Author: Sam Knight
Source: New Yorker (https://www.newyorker.com/magazine/2019/06/03/how-football-leaks-is-exposing-corruption-in-european-soccer)
Did you know that last season, according to the accounting firm Deloitte, European soccer had revenues of twenty-eight billion dollars, about the same as Major League Baseball, the National Hockey League, and the National Football League combined. European soccer is the most lucrative sports arena in the world and the scale of money on offer is leading to corruption. Now thanks to a Portuguese website called Football Leaks the rest of the world is getting to understand the nature and the scale of the corruption. The site is run by a 30 year old Portuguese man, Rui Pinto, who has been jailed for the way he hacked his way to nearly 90 million documents involving the purchase, sale and transfer of football players.

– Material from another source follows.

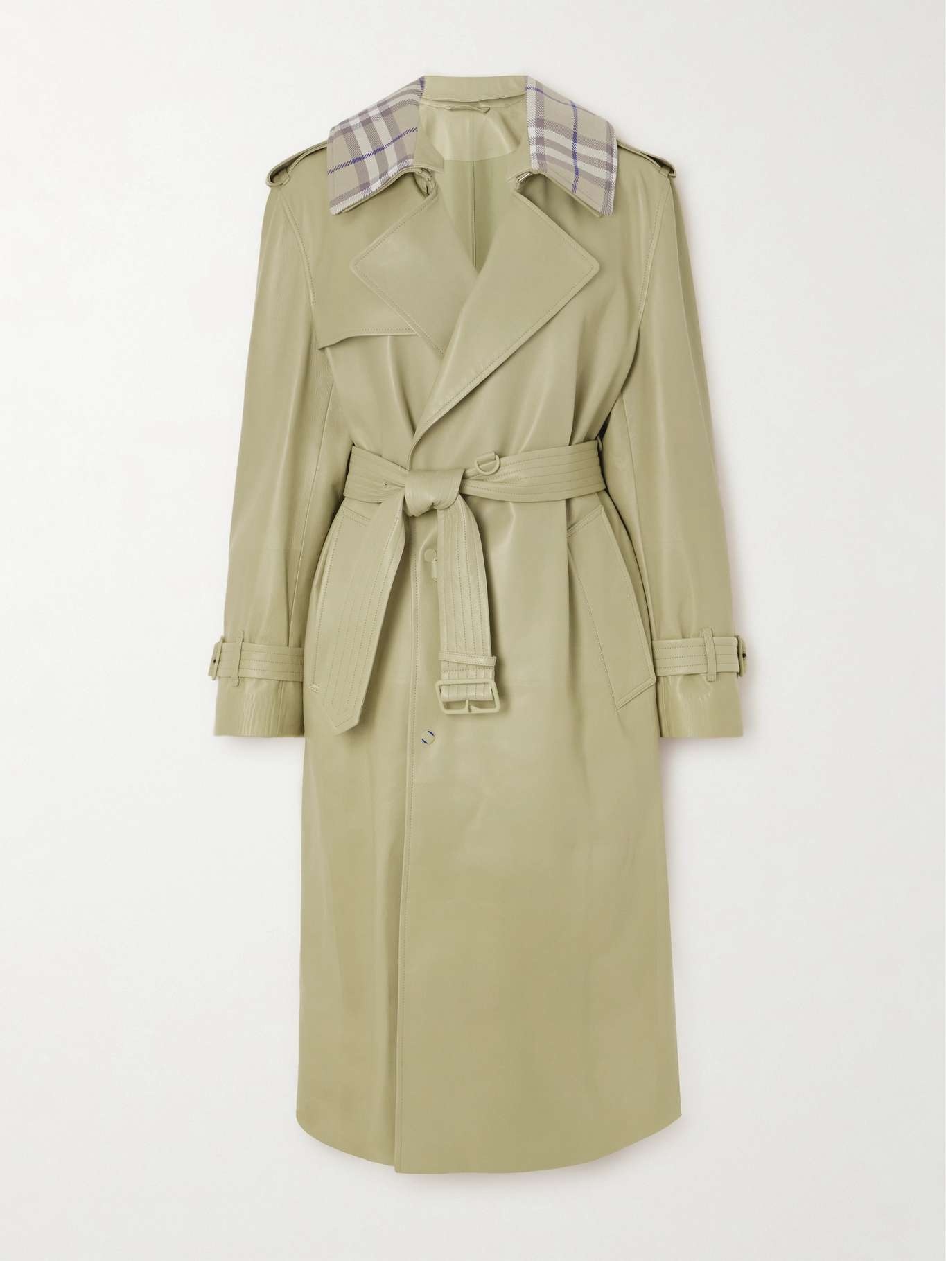 EDITORS'NOTES Under Creative Director Daniel Lee, Burberry paints a portrait of modern Britain. Cut from supple plongé leather in a double-breasted profile, this trench features a detachable collar that's jacquard-woven in the label's signature check. The coordinating belt can be worn at two different heights, depending on which silhouette you favor. SIZE & FIT Model measurements: - Fits true to size, take your normal size - The model is wearing a size larger to achieve the runway look - Designed for a relaxed fit, use the belt to cinch in at the waist - Intended to be worn multiple ways - Supple, non-stretchy leather - Model is 177cm/ 5'10" and is wearing a UK 10 - Bust: 79cm/ 31" - Waist: 61cm/ 24" - Hip: 89cm/ 35" DETAILS & CARE - Beige leather, multicolored jacquard - Snap fastenings through front - 100% leather (Calf) - Specialist clean - Designer color: Hunter

When we read about the transfer of a player from Club X to Club Y, we imagine this to a bilateral contract. The reality is something else:
“The first documents released by Football Leaks related to a controversial investment model known as third-party ownership. One of the ways that clubs make money is by buying and selling players. T.P.O., which originated in Latin America, allows external parties to buy a stake in promising young players, in the hope of profiting from a huge transfer deal one day. (In 2017, the Brazilian striker Neymar was sold by Barcelona to Paris Saint-Germain for around a quarter of a billion dollars.) Proponents of T.P.O. describe it as a form of lending, but many fans believe that it gives investors too much control over a club’s roster and the shape of players’ careers, by influencing when and where a player might be traded.

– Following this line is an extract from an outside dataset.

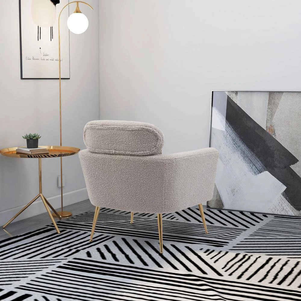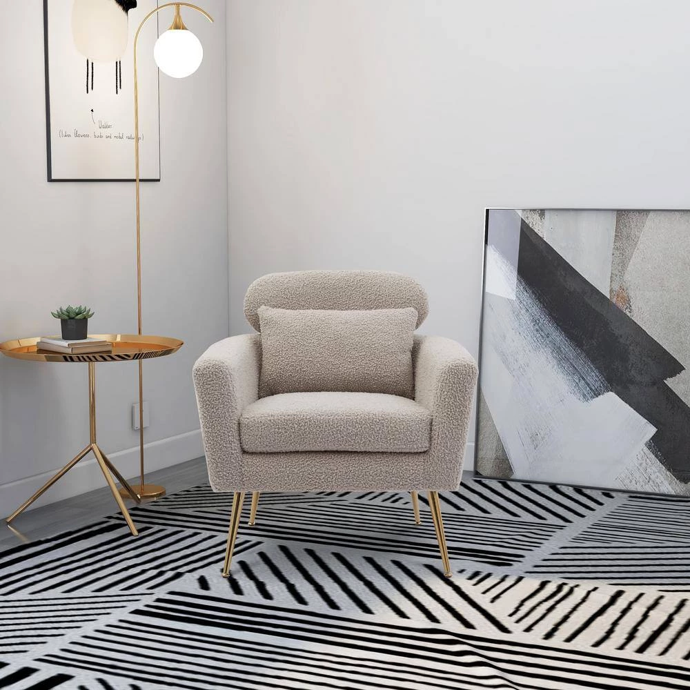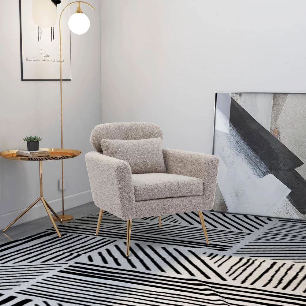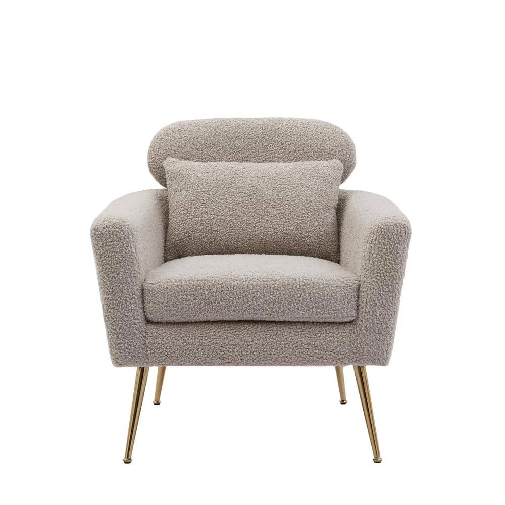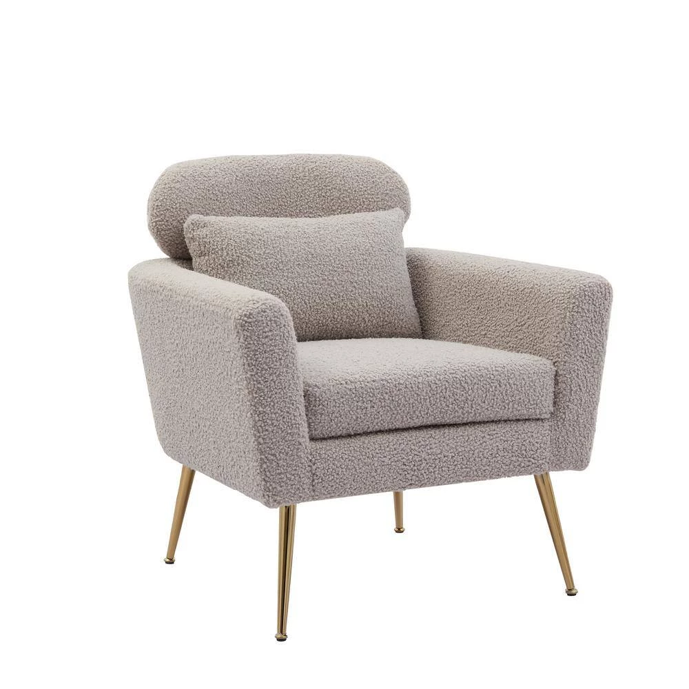 29.5″ W Light Grey Modern Chenille Upholstery Chair Armchair Upholstered with Gold Metal Legs and Throw Pillow by Unbranded

In Portugal, one of the most vehement critics of T.P.O. was Bruno de Carvalho, the president of Sporting Lisbon, who described it as “a monster coming to football.” fifa, soccer’s global governing body, banned the practice in May, 2015. But the contracts that Varela read on Football Leaks showed that Sporting Lisbon had entered into a secret, T.P.O.-like arrangement with an Angolan club named Recreativo da Caála. “It was powerful,” Varela said. “People say one thing but they are doing something completely different.””

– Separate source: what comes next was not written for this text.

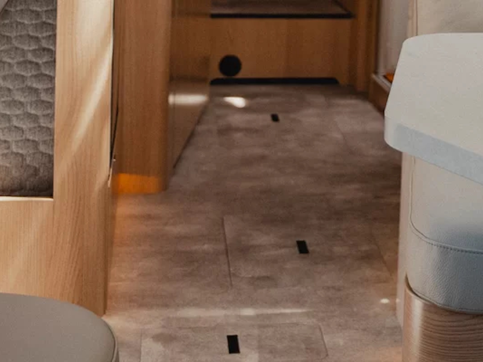 - The interior of the BlackLine impresses with a modern, stylish atmosphere. The newly designed floor in a subtle concrete look combines with the warm Grand Oak furniture decor to create a homey, urban feel that goes far beyond the standard of classic motorhomes.

The nature of the criminal activity which characterises European football is rich and varied:
“The information provided by Pinto has led to the conviction of dozens of top soccer players for tax evasion. It has prompted the Las Vegas police department to investigate an allegation of rape against Ronaldo. It has also revealed likely rule-breaking by Manchester City, the all-conquering champions of the English game, and a plan by Europe’s leading teams to leave their national leagues and form their own competition.”
This New Yorker story is made more complicated and more interesting because the man behind the hacking and leaking of this data is an unemployed Portuguese university student living in Hungary and hacking his way into the accounts of banks and football clubs across Europe.